If you remember taking science classes in school, or teaching them, you may remember that some emphasis was placed on carrying the units of measurement along with the numbers when solving physical problems.  To take a very simple example, if a cyclist rides 9.2 miles  in 30 minutes, then his speed is given by:

Speed = 9.2 miles / 0.5 hour = 18.4 miles per hour

Doing this is just an additional check that the calculation has been done correctly, and that the answer is in the expected units; that is, if we are calculating a speed, we expect an answer in units of distance / time.  If we end up with an answer in cubic feet, something is wrong.  (I’ve done a bit of science teaching, and one of my little brain-teasers for physics students is: a number is given in units of stone-barleycorns per milli-fortnight.  What is the number a measure of?)†

Another reason to preserve the numbers and units together, of course, is to ensure that someone else reading them will interpret them correctly.  There have been some fairly serious problems caused by not getting the units right:

Out of context, a number can be a dangerous thing. In 1991, for example, NASA’s $125 million Mars Climate Orbiter was destroyed because one team of engineers used imperial units of measurement while others relied on metric ones.

The quote is from an article in Technology Review, which describes a new semantic database technology for dealing with numeric data, developed by a Cambridge, MA start-up, True Engineering Technology .  The idea is fairly simple: each number is stored along with its units of measurement, context, tolerance, and semantic tagging information.

To store a number in the system–creating what the company calls a “truenumber”–a user simply types a short phrase into a form on the website … [for example] a user might type, “The distance from New York to London in kilometers is 5,581.”.

The software is being made available in two ways: as a product that companies can install on their own servers and networks, and as a free (of charge) public Web service at the company’s site, something that the company envisions as a “Wikipedia for numbers”.  The market for the commercial version is expected to be engineering companies, primarily, but potentially any organization that works extensively with numbers is a possible customer.

I will be interested to see if this becomes successful.  I have a vivid memory of one personal experience of numbers being used by someone who didn’t understand them.  I worked for a time, quite a few years ago, for a consulting company that, among other things, published regular reports on the state of the economy and financial markets.  These included figures on the rate of return to various investments over recent periods.  One of the returns reported was for investments in 30-day US Treasury bills.   Now this should have been easy to get, since the prices of T-bills are reported every day in the Wall Street Journal and many other papers.  Yet our firm’s numbers were consistently different from the ones calculated by everyone else.

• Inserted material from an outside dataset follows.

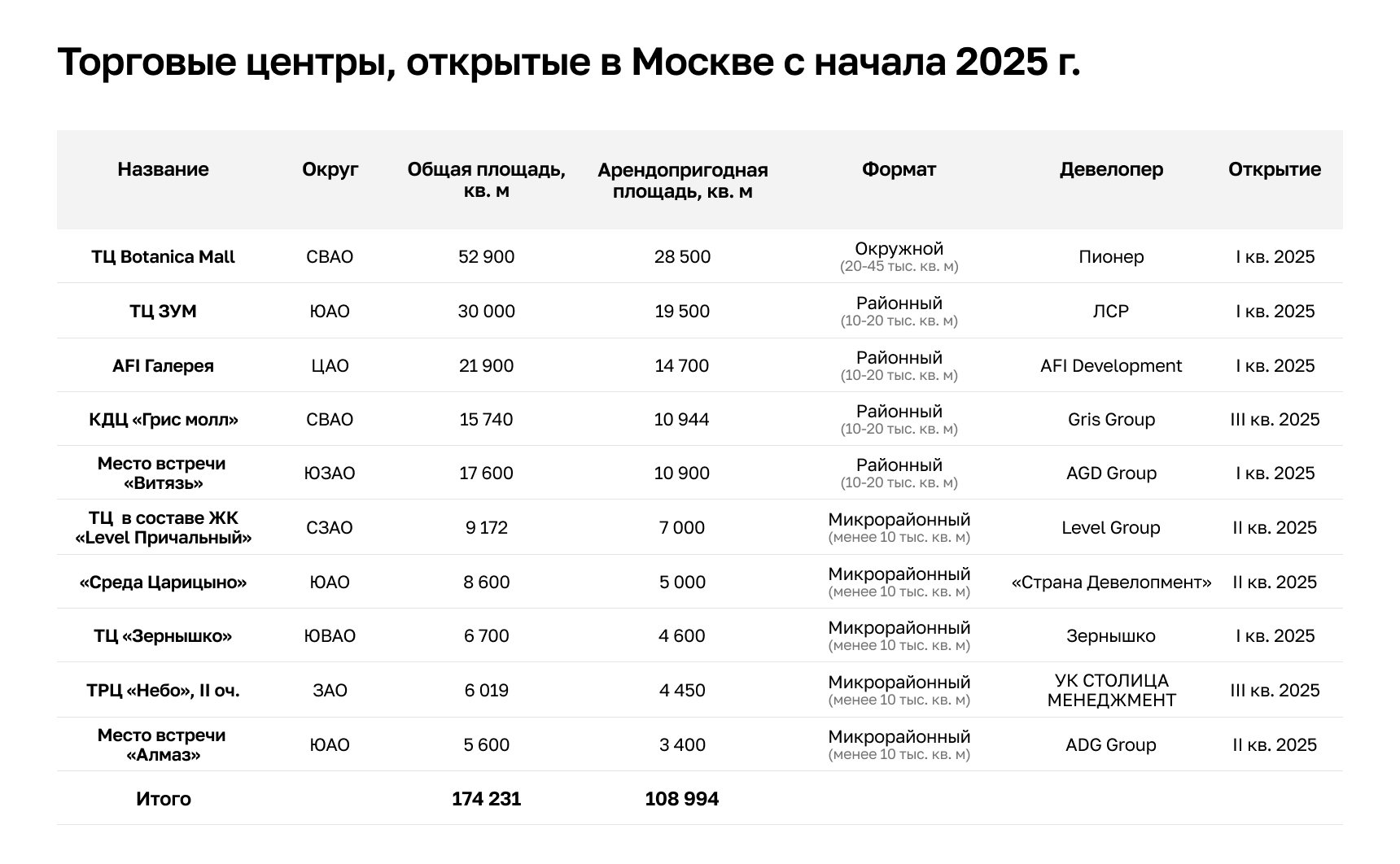 Среди анонсированных к открытию в 2025 году объектов ожидается открытие одного торгового центра регионального формата — Avenue Sever (GLA – 60 тыс. кв. м). Также запланирован ввод двух объектов окружного уровня: ТЦ «Краски» (GLA – 35 тыс. кв. м) и МФК Lakes (GLA – 24,1 тыс. кв. м). При этом на районные и микрорайонные торговые центры приходится почти половина (46,3%) совокупного объема запланированного ввода, что подтверждает устойчивый спрос на малоформатные проекты, ориентированные на жителей ближайших районов.

I asked if anyone had looked into this, and was told that they had, and that the formula used for the calculations had been checked, and verified to be correct. So I went to see the guy that did the calculation, and asked him to humour me by walking through a sample with me.  The formula, as it happened, was exactly right; it’s just that  it didn’t apply for the data that were being used.  Treasury bills are discount instruments.  Unlike, say, a corporate bond that provides a periodic interest payment (typically semi-annually), the T-bills interest is implicit.  If the bill will be redeemed for $100 at maturity, it will initially be sold at a discount, at a price less than $100.  For example, if the bill sells originally for $99, and is redeemed for $100 at maturity, the interest rate over that period is [(100/99) -1] * 100 = 1.01 %.   And therein was the rub: the formula being used assumed that the rate entered was the interest rate, but the number reported in the paper is the discount (which would be 1% in this case).  So the numbers were consistently too low.

Fortunately, the mistake was easily fixed, and the historical data corrected, once the problem was found.  But I can’t help but think that there are many more examples out there, perhaps not as spectacularly disastrous as the Mars Orbiter, but waiting to bite someone nonetheless.

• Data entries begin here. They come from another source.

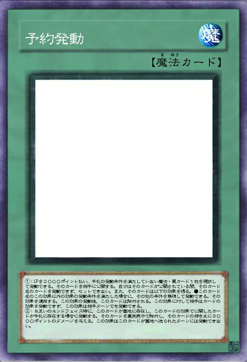 | ①:LPを2000ポイント払い、手札の発動条件を満たしていない魔法・罠カード1枚を選択して発動できる。そのカードを相手に公開する。自分はそのカードが公開されている間、そのカード名のカードを発動できず、セットできない。また、そのカードは以下の効果を得る。●このカード名のこの効果以外の効果の発動条件を満たした場合に、その他の条件を無視して発動できる。その効果を適用する。この効果の発動後、このカードは除外される。この効果に対して相手はカードの効果を発動できず、この効果は相手ターンでも発動できる。 ②:お互いのエンドフェイズ時に、このカードが墓地に存在し、このカードの効果で公開したカードが手札に存在する場合に発動する。そのカードを裏側表示で除外し、そのカードの持ち主に3000ポイントのダメージを与える。この効果はこのカードが墓地へ送られたターンには発動できない。 | |||
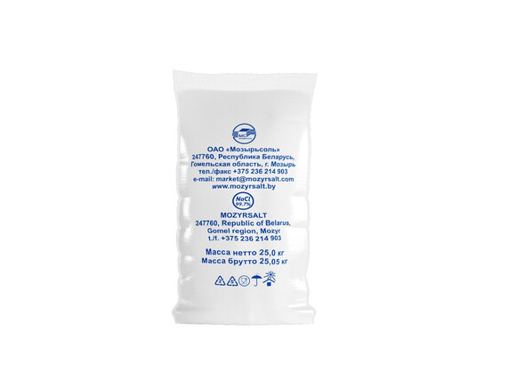 хранить при относительной влажности воздуха не более 75%. Соль упакованную в полипропиленовые, полиэтиленовые мешки (до 50 кг), в контейнеры (до 1500 кг) и сформированные в транспортные пакеты при помощи полимерной пленки, предотвращающей воздействие влаги и прямых солнечных лучей, для краткосрочного (не более 6 месяцев) хранения размещают на открытых площадках.
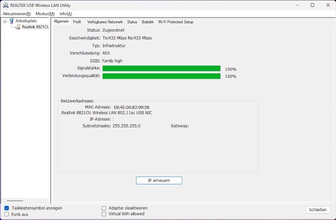 Beim Einstecken stellen wir jedoch fest, dass Windows bereits Treiber für diesen Adapter parat hat. So kommen wir schon kurz nachdem wir den Adapter angeschlossen haben, über WLAN in unser Netzwerk. Die zuvor heruntergeladenen Treiber installieren wir der Vollständigkeit halber aber trotzdem.
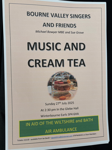 Come and join the Bourne Valley Singers and friends at Glebe Hall for an afternoon of music and cream tea.
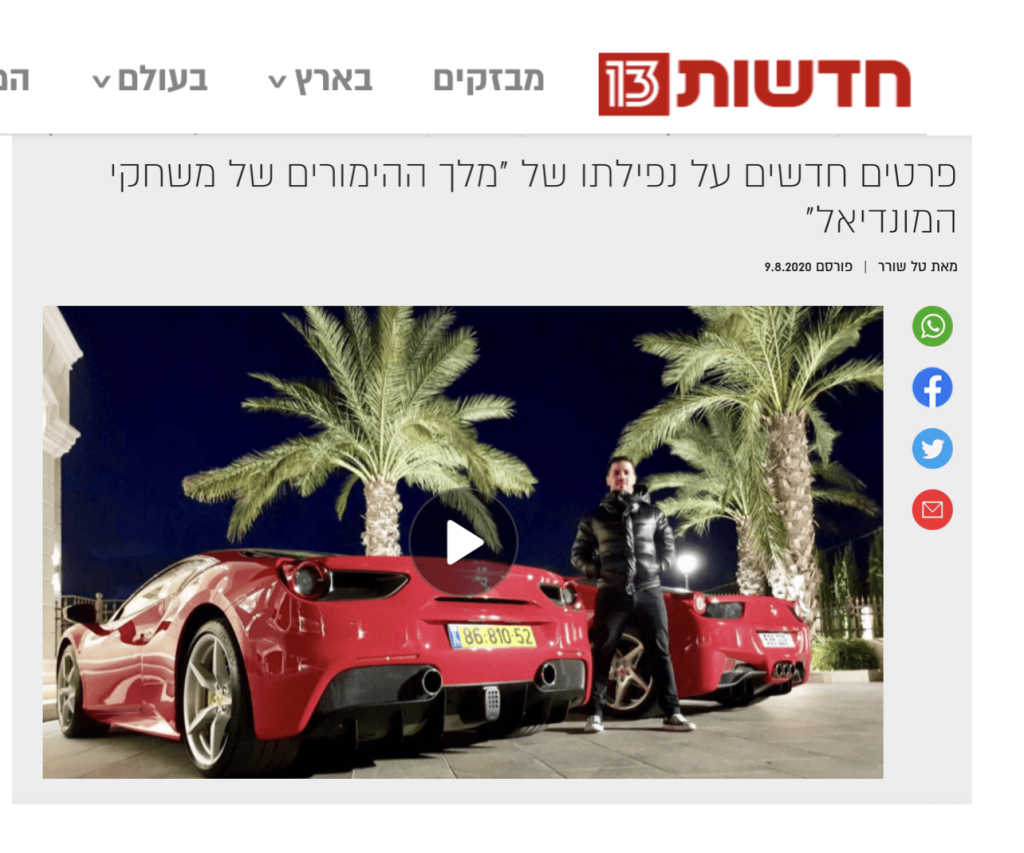 The life of former soccer player , Shai Siboni, also known as the “king of World Cup betting”, was filled with a Ferrari car, luxury watches and jewelry.
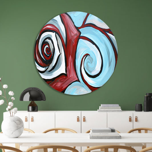 Kleurrijk abstract schilderij met dynamische vormen aluminium muurcirkel
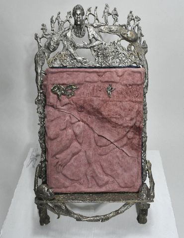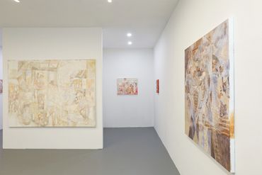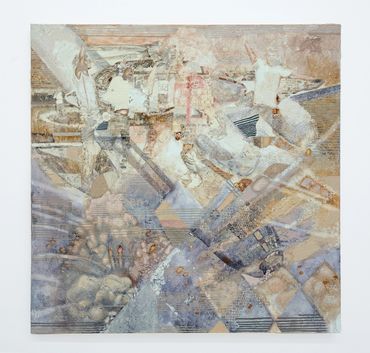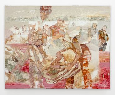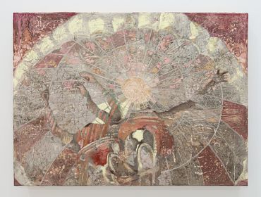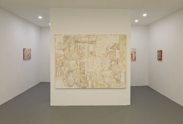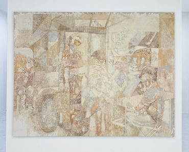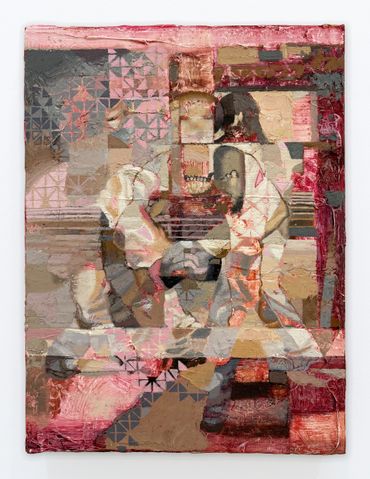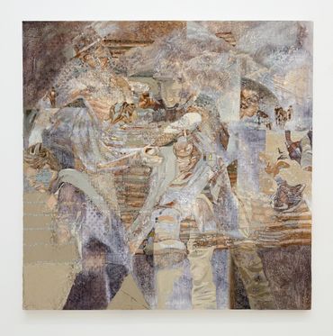 While the astounding detail of Kellum’s canvases contain a seemingly infinite amount of amusing references, the inimitable magnitude of her paintings resists any interpretation of her practice as purely humorous or political. In order to achieve this textural complexity, each canvas is underlaid with a distinguishing gesso treatment made from hand-carved linoleum stamps; in one case replicating a 14th Century embroidery titled the Adoration of the Magi Altarcloth. Kellum’s intent remains unclear in replacing the ancient saints represented in the medieval tapestry, but her technique memorializes the spectral iconoclasts that populate her new visual universe.

Oh, I almost forgot.  A stone is a British unit of weight, equal to 14 pounds (I weigh about 10½ stone).  A barleycorn is an old English unit of distance, equal to about one-third of an inch.  And a fortnight is a unit of time: fourteen days.   Now weight is a measure of force ( F = ma, from Newton), and we know from elementary mechanics that the definition of work is:

Work = Force · distance

So we have a measure of work per unit time; or, in other words, a measure of power.  (Compare the definition of one horsepower as 33,000 foot-pounds per minute.)